Dieu peut-il oublier ? Non. C’est Son choix de ne pas se souvenir. J’ai toujours considéré l’oubli comme une faiblesse, mais parfois c’est une force. Dieu peut faire tout ce qu’Il veut ; pourtant, Il nous aime tellement que, lorsque nous nous repentons de nos torts, encore et encore, Il choisit de ne pas s’en souvenir.

Ce genre d’amour me bouleverse.

Mais ensuite, j’ai pensé à Mayflower. Malgré tout son mauvais comportement et ses manières de chien pourrie gâtée, je l’aime. Je lui pardonne vite. Et je l’appelle « bonne fille ».

Je l’appelle mienne.

Alors peut-être que la droiture ne consiste pas à être parfait, comme je l’ai toujours cru.

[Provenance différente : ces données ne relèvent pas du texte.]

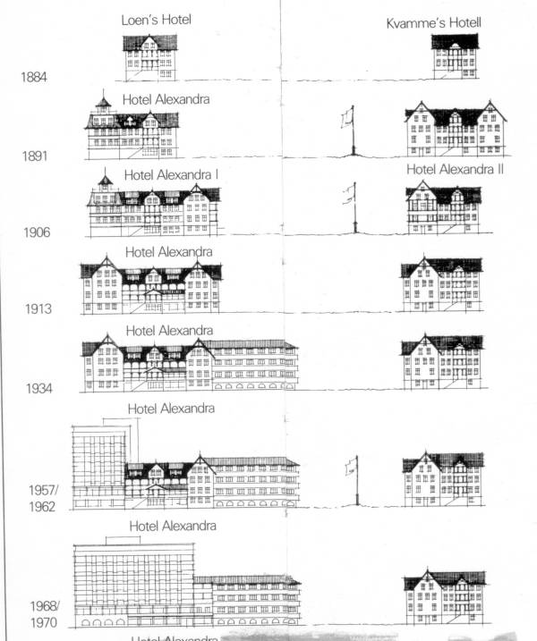 Skissene nedanfor som viser alle utbyggingstrinna, er henta fra boka om hotellet.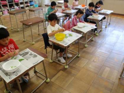 今日は、グリンピースのさやむき作業をしました。「給食室から頼まれた仕事だよ。」と話すと、張り切る子供たち。

Peut-être s’agit-il d’appartenir à Dieu, d’être pleinement connu, pardonné et aimé par Lui, et d’apprendre enfin à renoncer à la culpabilité et à l’auto-condamnation. Peut-être qu’il s’agit de croire en Lui quand Il m’appelle pardonnée, quand Il m’appelle sienne.

Si je peux avoir ce genre d’amour envers Mayflower, combien PLUS mon Père céleste m’aime-t-il ?

Il m’invite à arrêter de discuter avec Sa grâce et à simplement la recevoir, à me reposer dans l’amour, le pardon et la revendication que je suis sienne. Non pas parce que je l’ai méritée, mais parce que Sa miséricorde est si grande.

Aujourd’hui, je choisis de le croire. Je choisis d’être reconnaissante.

Je choisis de me reposer dans une grâce si grande qu’elle m’enlace et me dit : « Je t’aime. Tu es mienne. »

Même dans mes journées les plus pourries gâtées.